Problem to solve = Extract, in full, the lines below, beginning at the first and ending with the line that contains "Lusofie 5Pack Pearl". Pictures do not belong in the copy.
Start of Data
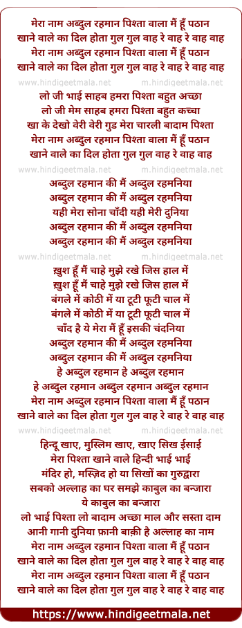 Lyrics of Meraa Nam Abdul Rehman - मेरा नाम अब्दुल रहमान
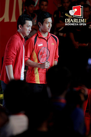 Ko Sung Hyun/Lee Yong Dae (Korea Selatan) menyambar pengembalian tanggung dari Mohammad Ahsan/Hendra Setiawan (Indonesia).
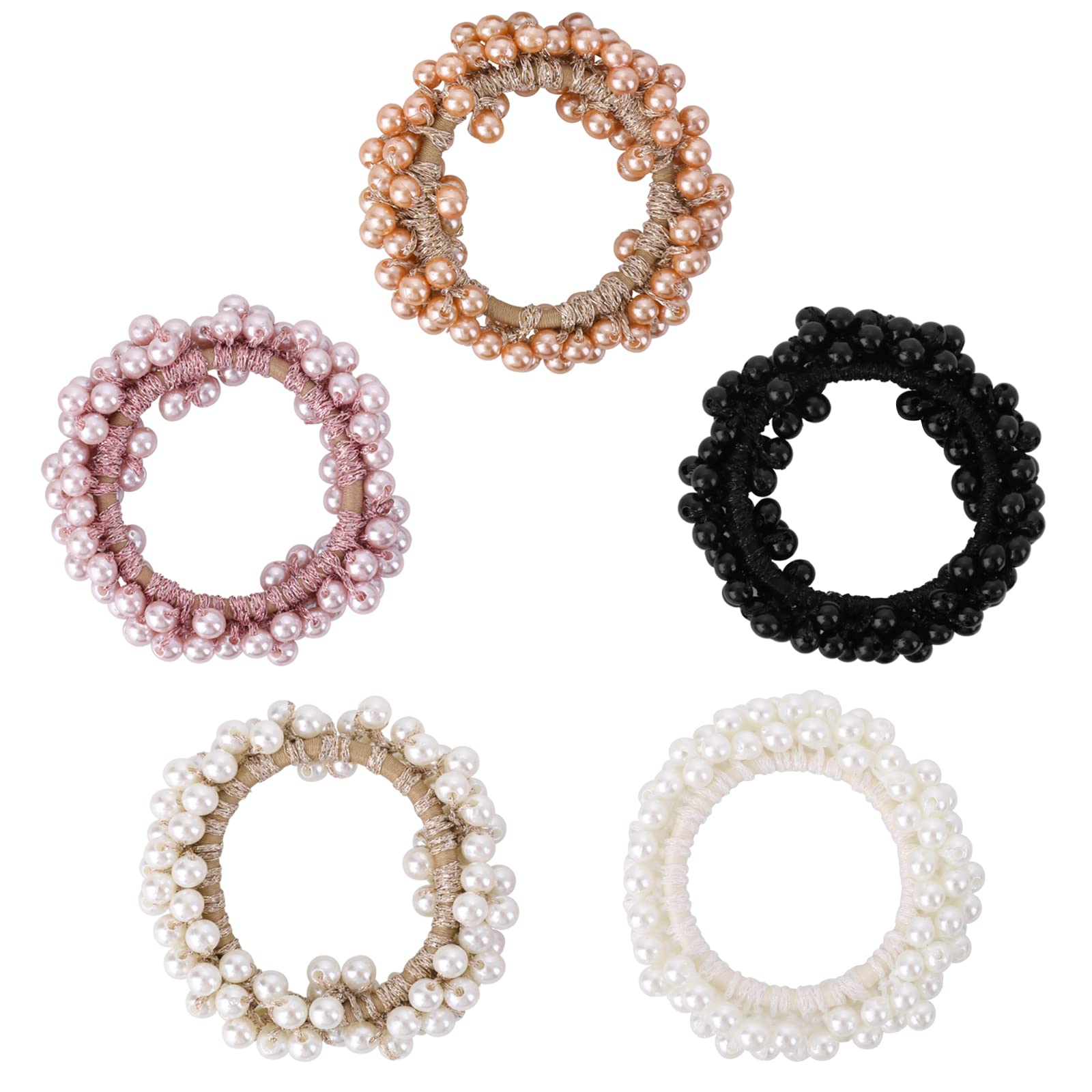 Lusofie 5Pack Pearl Hair Ties Elastic Weave Hair Scrunchies Stretch Bead Hair Rope Hair bands Ponytail Holder Hair Accessories for Women and Girls
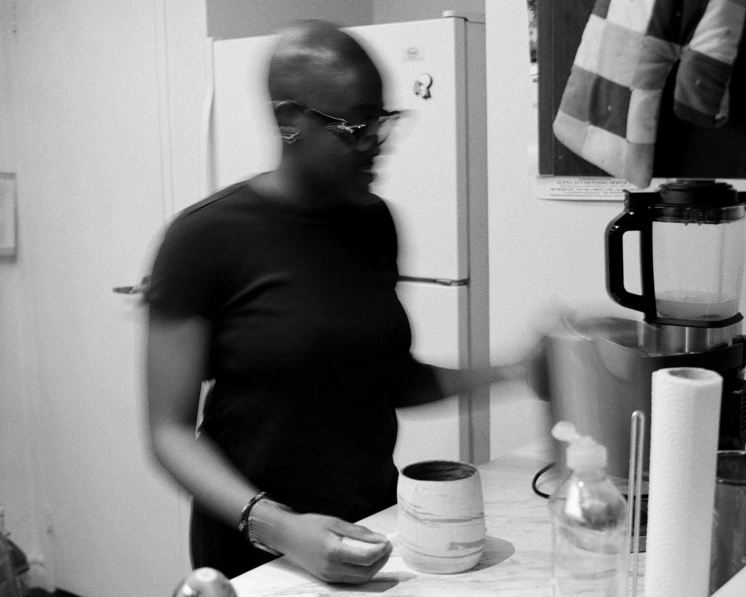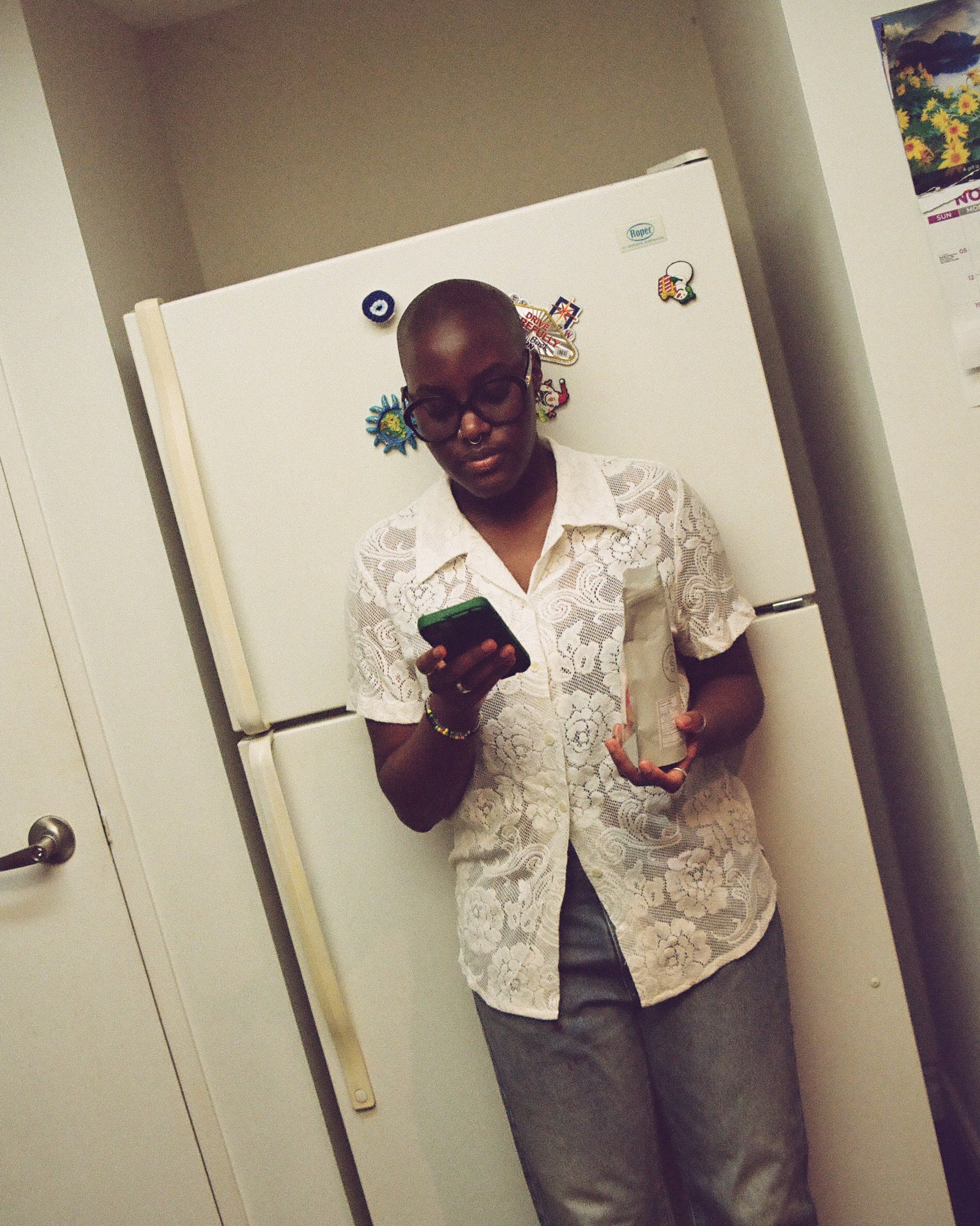 “When I’m in my own space I’m chill, but once I leave I get nervous. Sometimes I’m overthinking or too in my head. My pre-date ritual is putting on some R&B, drinking tea, lighting incense, and eating some snacks.”—Chels
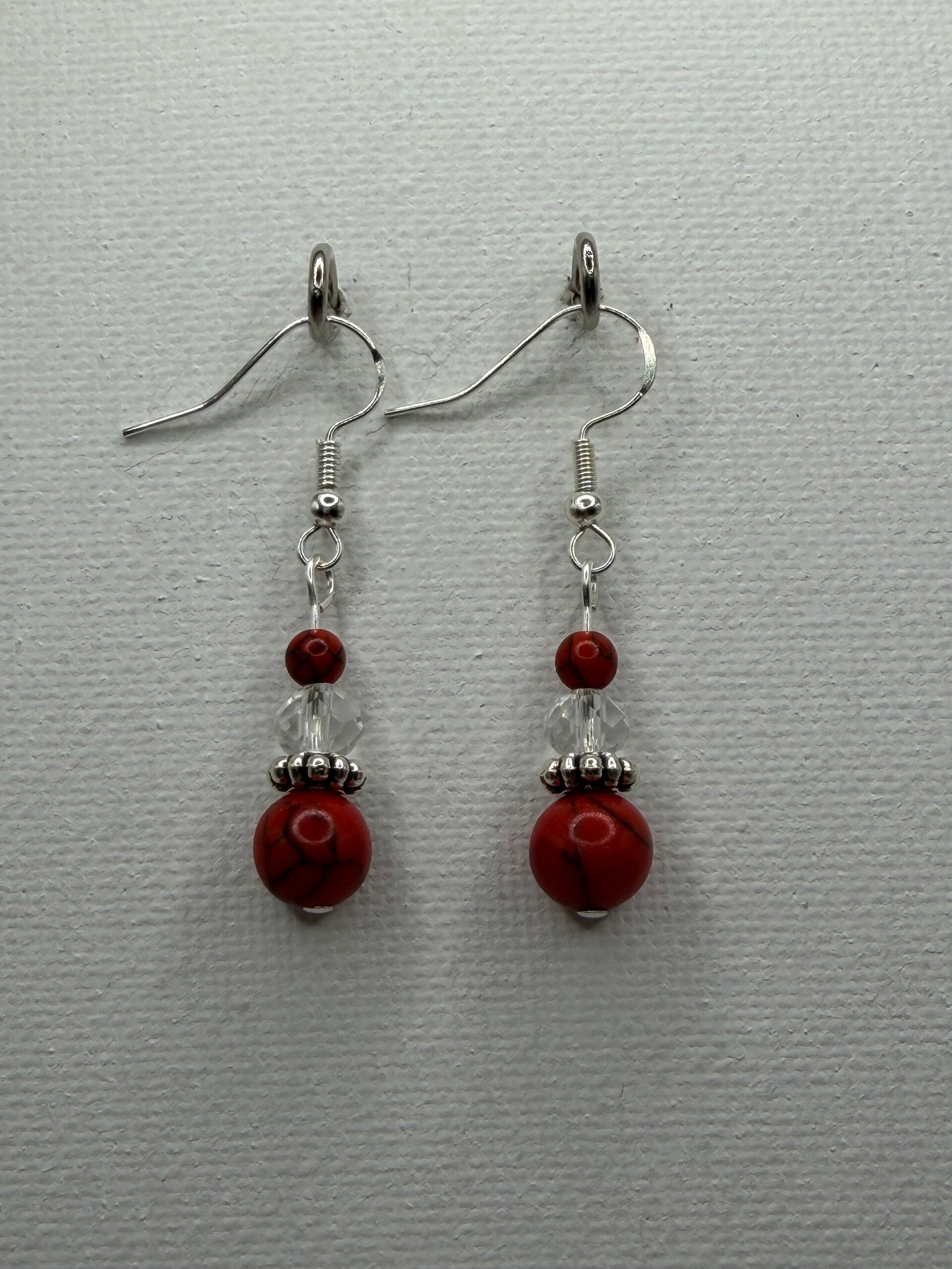 Bold red glass beads paired with clear faceted crystal accents create a timeless Valentine look with elegant shine. These handcrafted earrings balance color and sparkle without feeling heavy, making them perfect for both everyday wear and special occasions. Finished with sterling silver fish hook ear wires and silver-tone findings for lightweight comfort.
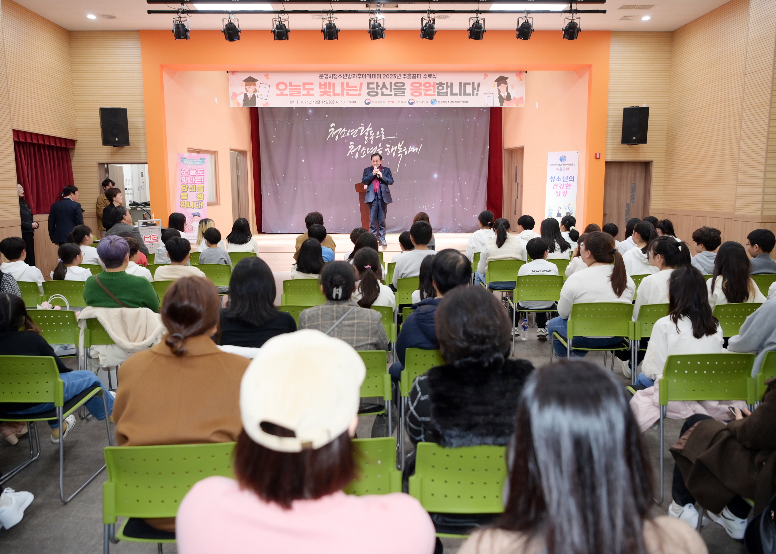 문경시(청소년방과후아카데미)는 12월 13일 청소년문화의집 3층 다목적홀에서 ‘오늘도 빛나는! 당신을 응원합니다!’라는 주제로 2023년 수료식을 개최했다.
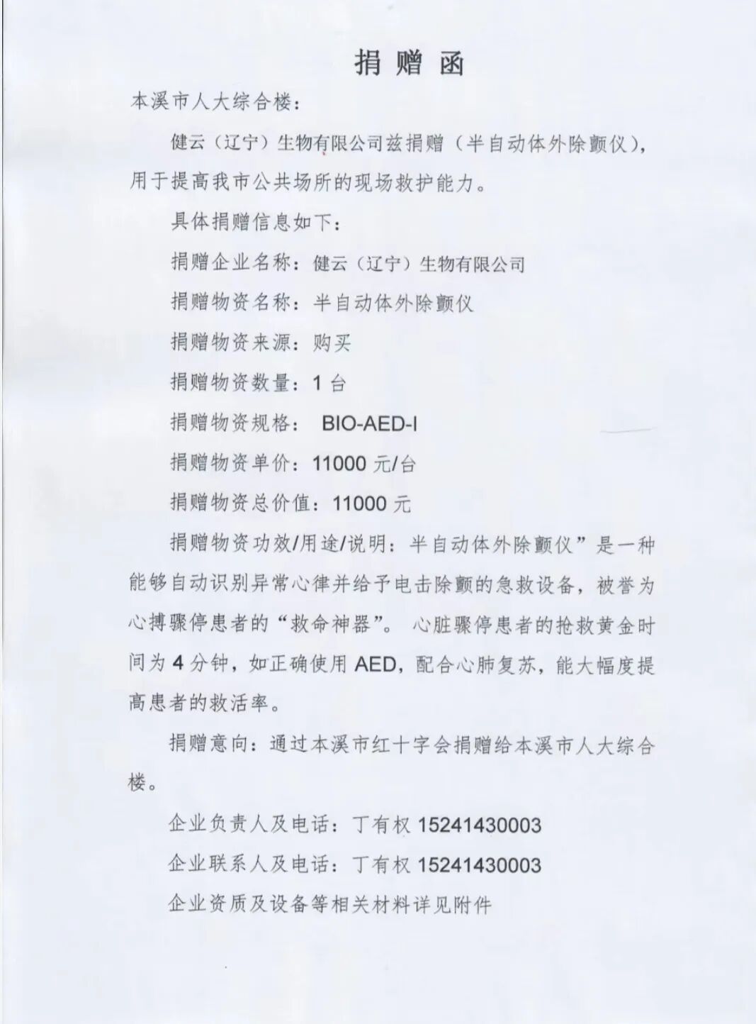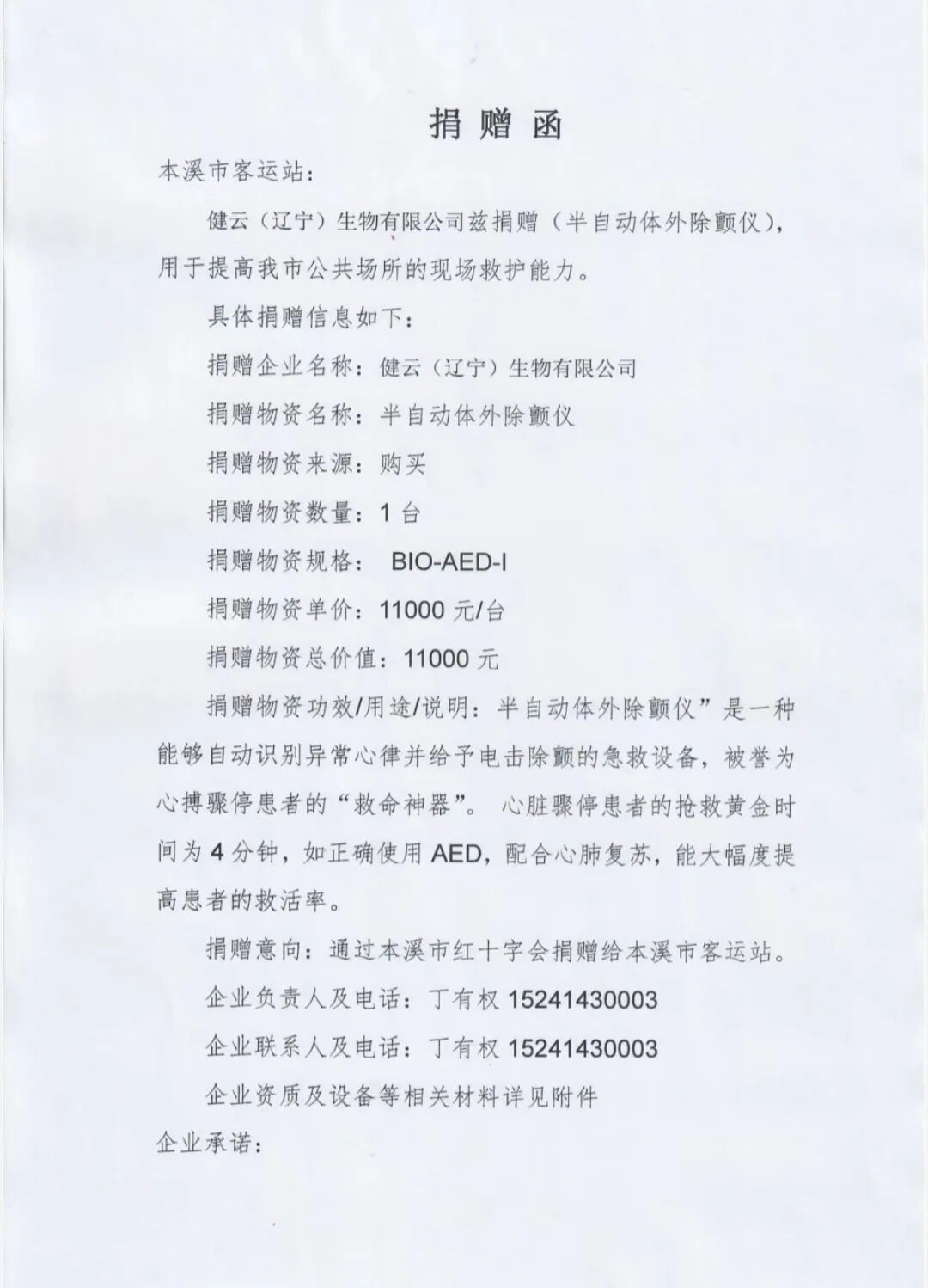 为织密本溪市公共安全防护网,让AED真正成为触手可及的“生命保障”,市红十字会秉持“人道、博爱、奉献”的核心精神,主动担当社会责任,积极沟通联络爱心企业健云(辽宁)生物有限公司捐赠AED事宜。健云(辽宁)生物有限公司慷慨捐赠3台半自动体外除颤仪暨AED,落户市火车站、客运站以及市红十字会(各一台),充分体现企业的社会责任感和爱心。8月20日,健云公司(简称)同市红十字会经过磋商后,出具AED捐赠函,正式启动捐赠流程,并计划于春运前夕安装就位。
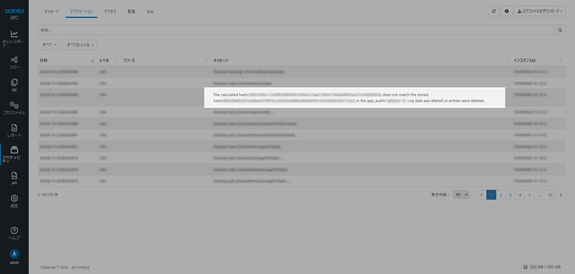 改ざん検知ログ
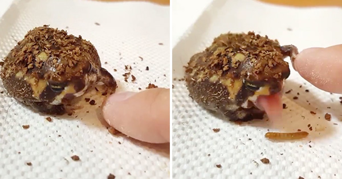 藏住蛙蛙食物會怎樣? 牠7pupu伸小手推:不要妨礙我吃食物!
End of Data
Task answer =
 Lyrics of Meraa Nam Abdul Rehman - मेरा नाम अब्दुल रहमान
 Ko Sung Hyun/Lee Yong Dae (Korea Selatan) menyambar pengembalian tanggung dari Mohammad Ahsan/Hendra Setiawan (Indonesia).
 Lusofie 5Pack Pearl Hair Ties Elastic Weave Hair Scrunchies Stretch Bead Hair Rope Hair bands Ponytail Holder Hair Accessories for Women and Girls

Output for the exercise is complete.